> _Supplied data_:
──────────
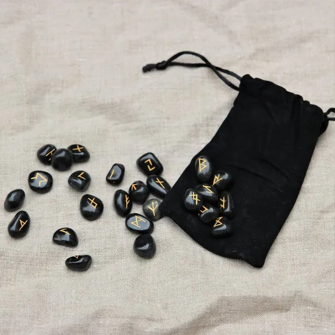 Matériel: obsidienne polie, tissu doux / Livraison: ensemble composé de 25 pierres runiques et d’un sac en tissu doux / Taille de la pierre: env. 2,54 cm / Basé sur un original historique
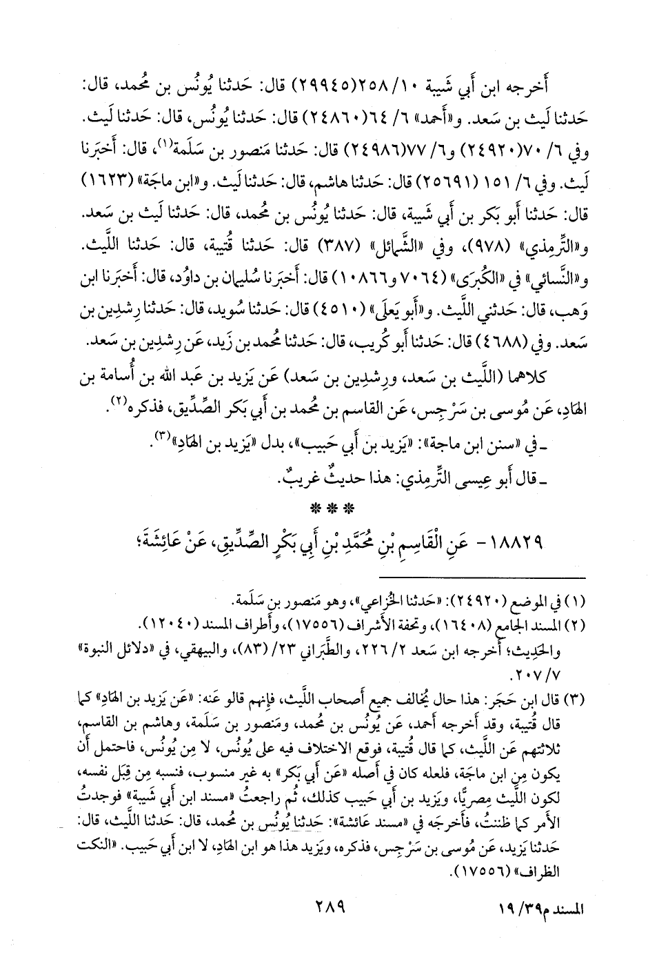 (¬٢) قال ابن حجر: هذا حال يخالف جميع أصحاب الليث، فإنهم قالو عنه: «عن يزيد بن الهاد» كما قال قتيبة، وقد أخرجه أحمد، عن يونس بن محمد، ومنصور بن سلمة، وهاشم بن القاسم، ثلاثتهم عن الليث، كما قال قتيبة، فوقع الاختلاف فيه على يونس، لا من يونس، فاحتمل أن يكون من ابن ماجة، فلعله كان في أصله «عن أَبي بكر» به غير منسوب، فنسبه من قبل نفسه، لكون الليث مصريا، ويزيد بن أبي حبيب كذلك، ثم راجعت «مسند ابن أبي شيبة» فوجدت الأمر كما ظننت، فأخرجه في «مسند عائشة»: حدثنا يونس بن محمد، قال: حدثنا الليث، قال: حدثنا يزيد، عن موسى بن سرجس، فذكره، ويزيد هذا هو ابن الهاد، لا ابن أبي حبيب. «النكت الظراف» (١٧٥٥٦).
──────────
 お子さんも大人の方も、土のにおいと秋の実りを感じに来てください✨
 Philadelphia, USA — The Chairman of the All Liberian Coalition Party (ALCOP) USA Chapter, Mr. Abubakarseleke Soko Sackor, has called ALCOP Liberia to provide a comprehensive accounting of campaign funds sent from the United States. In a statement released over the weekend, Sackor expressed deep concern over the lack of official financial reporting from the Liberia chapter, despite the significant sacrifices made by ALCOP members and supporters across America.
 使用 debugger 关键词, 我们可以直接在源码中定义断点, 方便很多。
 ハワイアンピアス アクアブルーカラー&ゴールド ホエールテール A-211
──────────
Your answer should be the lines above, word for word, from the line with "Matériel: obsidienne polie, tissu" through the line with "(¬٢) قال ابن", minus the pictures.

 Matériel: obsidienne polie, tissu doux / Livraison: ensemble composé de 25 pierres runiques et d’un sac en tissu doux / Taille de la pierre: env. 2,54 cm / Basé sur un original historique
 (¬٢) قال ابن حجر: هذا حال يخالف جميع أصحاب الليث، فإنهم قالو عنه: «عن يزيد بن الهاد» كما قال قتيبة، وقد أخرجه أحمد، عن يونس بن محمد، ومنصور بن سلمة، وهاشم بن القاسم، ثلاثتهم عن الليث، كما قال قتيبة، فوقع الاختلاف فيه على يونس، لا من يونس، فاحتمل أن يكون من ابن ماجة، فلعله كان في أصله «عن أَبي بكر» به غير منسوب، فنسبه من قبل نفسه، لكون الليث مصريا، ويزيد بن أبي حبيب كذلك، ثم راجعت «مسند ابن أبي شيبة» فوجدت الأمر كما ظننت، فأخرجه في «مسند عائشة»: حدثنا يونس بن محمد، قال: حدثنا الليث، قال: حدثنا يزيد، عن موسى بن سرجس، فذكره، ويزيد هذا هو ابن الهاد، لا ابن أبي حبيب. «النكت الظراف» (١٧٥٥٦).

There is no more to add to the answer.